Investigating from the Supervisor cluster context:
kubectl get machines -n <workload cluster namespace>
Describing the cordoned control plane node displays a message indicating cluster-auth-pinniped-kube-cert-agent pod is not yet removed.
Status: False
Type: ControllerManagerPodHealthy
Last Transition Time: YYYY-MM-DDTHH:MM:SSZ
Message: Drain not completed yet (started at 2026-03-10T14:38:50Z):
Pod vmware-system-tmc/cluster-auth-pinniped-kube-cert-agent-#########-######: deletionTimestamp set, but still not removed from the Node
Reason: Draining
Severity: Info
Status: False
Type: DrainingSucceeded
Investigating from the workload cluster's context:
kubectl get nodes
NAME STATUS ROLES AGE VERSION
<worker node A> Ready <none> ##h <previous VKR version>
<old control plane node> Ready,SchedulingDisabled control-plane ##h <previous VKR version>
<new control plane node> Ready control-plane ##h <desired VKR version>
kubectl get pods -A -o wide | egrep -v "Run|Completed"
NAMESPACE NAME READY STATUS RESTARTS AGE IP NODE
pinniped-concierge pinniped-concierge-<id> 0/1 Pending # ##h <IP> <old node name>
pinniped-concierge pinniped-concierge-kube-cert-agent-<id> 0/1 ImagePullBackOff # ##h <IP> <old node name>
vmware-system-tmc cluster-auth-pinniped-kube-cert-agent-<id> 0/1 ContainerCreating # ##h <IP> <old node name>
vSphere Supervisor
VKS 3.3 and higher
Starting in VKS 3.3 and higher, the behavior of draining nodes in a workload cluster has changed.
If a node does not drain within the workload cluster's configured node drain time-out, the upgrade will not continue.
A workload cluster with IDP enabled can result in the pinniped-concierge component from draining properly.
In this scenario, the pinniped-concierge-kube-cert-agent is unable to drain successfully and continues to restart on the draining node which causes the operation to fail.
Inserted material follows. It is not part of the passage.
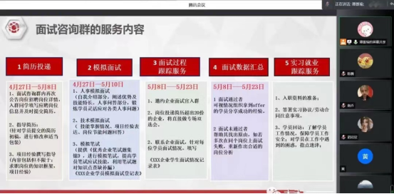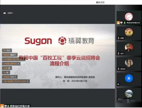会上曙光瑞翼的就业老师谭老师为参与启动会的学子们详细讲述了此次云端招聘会参会企业岗位及城市分布介绍、招聘面试的具体流程及曙光瑞翼提供的面试咨询群的服务内容。

Manual deletions of nodes will not help the upgrade to proceed.
Create a MachineDrainRule in the affected workload cluster's namespace. This must be performed in the Supervisor Cluster context.
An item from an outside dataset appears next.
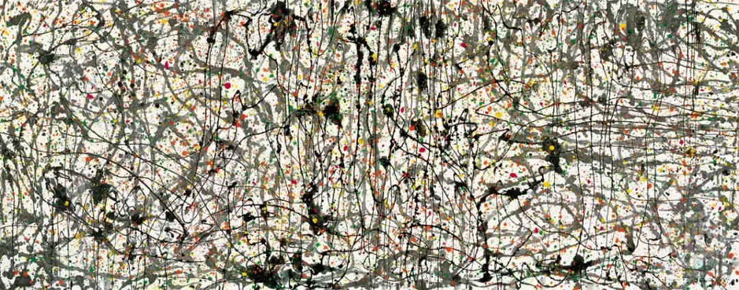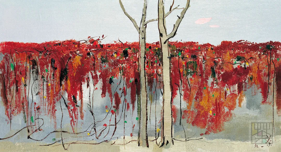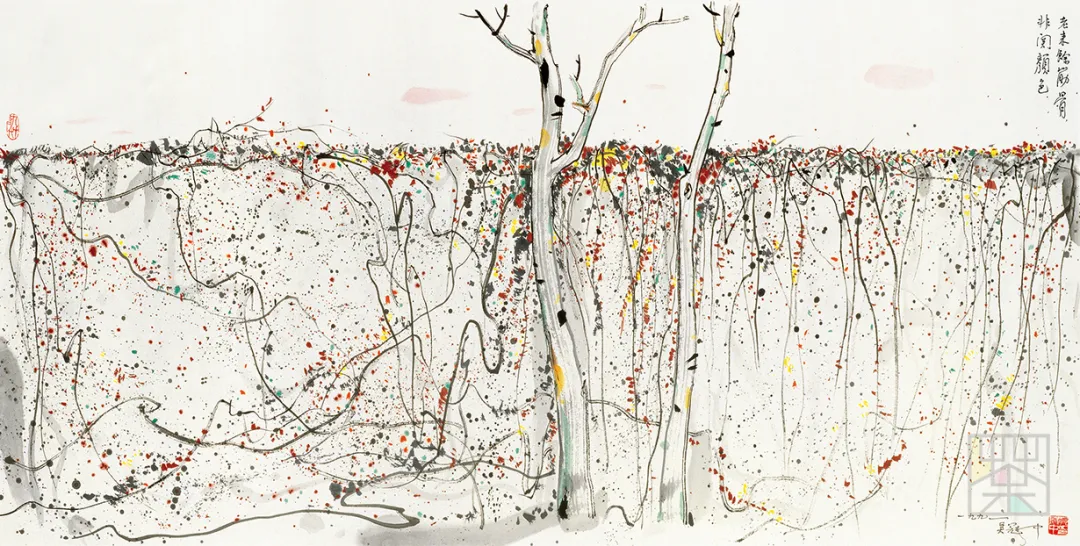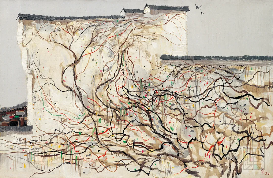 “最是吸引画家的,是一堵雪白的粉墙,这里听凭画家施展才华,抒写情怀,泼墨挥洒。然而这素净的墙面往往先被爬山虎之类的藤线占领了,她蜿蜒曲折,悠游自在地绘写成绝妙之画图,令画家望之惊喜、慨叹、却步。苏州留园有一块巨大的山墙,墙上布满了藤线,年代久远,藤本已粗如臂、腿,层层叠叠,交错穿插延伸到高远处的藤线则细于柳丝,柔于纤草,粗线细线在墙上相交又相离,缠绵悱恻。早春,遍体吐新芽万点青、黄布满了棕色的枝藤;深秋,残红错落地点缀上、下、左、右,都似拍节的音符,共奏点、线之曲。我画过多幅油彩和墨彩的墙上秋色,当然母体不再只是留园的了。但最感棘手的总是那墙之局限,它的体形反过来约束了藤之伸展,而墙外的天空又或多或少占去了画面的空间,割据了部分藤之领域。我将天空压缩到最小限度,则又不能显示山墙之体态与本质。经过多次较满意的、不满意的、彻底失败的经验,这回用巨幅表现墙上秋色,不再局限于墙之体态身段,拆掉了墙之界限,画幅就是墙,满眼都是墙,藤于是在无形的墙上伸展、奔驰、跌跌撞撞……似乎也失去了指挥,春芽、秋叶纷纷喷发,泼散,是怎样的乐章呢?画名《墙上秋色》,作者写的是人世春秋了。”

kubectl get pods -A | grep -i pinniped
apiVersion: cluster.x-k8s.io/v1beta1
kind: MachineDrainRule
metadata:
name: vks-pod-drain-skip-pinniped
spec:
drain:
behavior: Skip
pods:
- namespaceSelector:
matchLabels:
kubernetes.io/metadata.name: <namespace from Step 2>
selector:
matchLabels:
kube-cert-agent.pinniped.dev: v3
kubectl apply -f <MachineDrainRule.yaml> -n <workload cluster namespace>
kubectl get machinedrainrule -n <workload cluster namespace>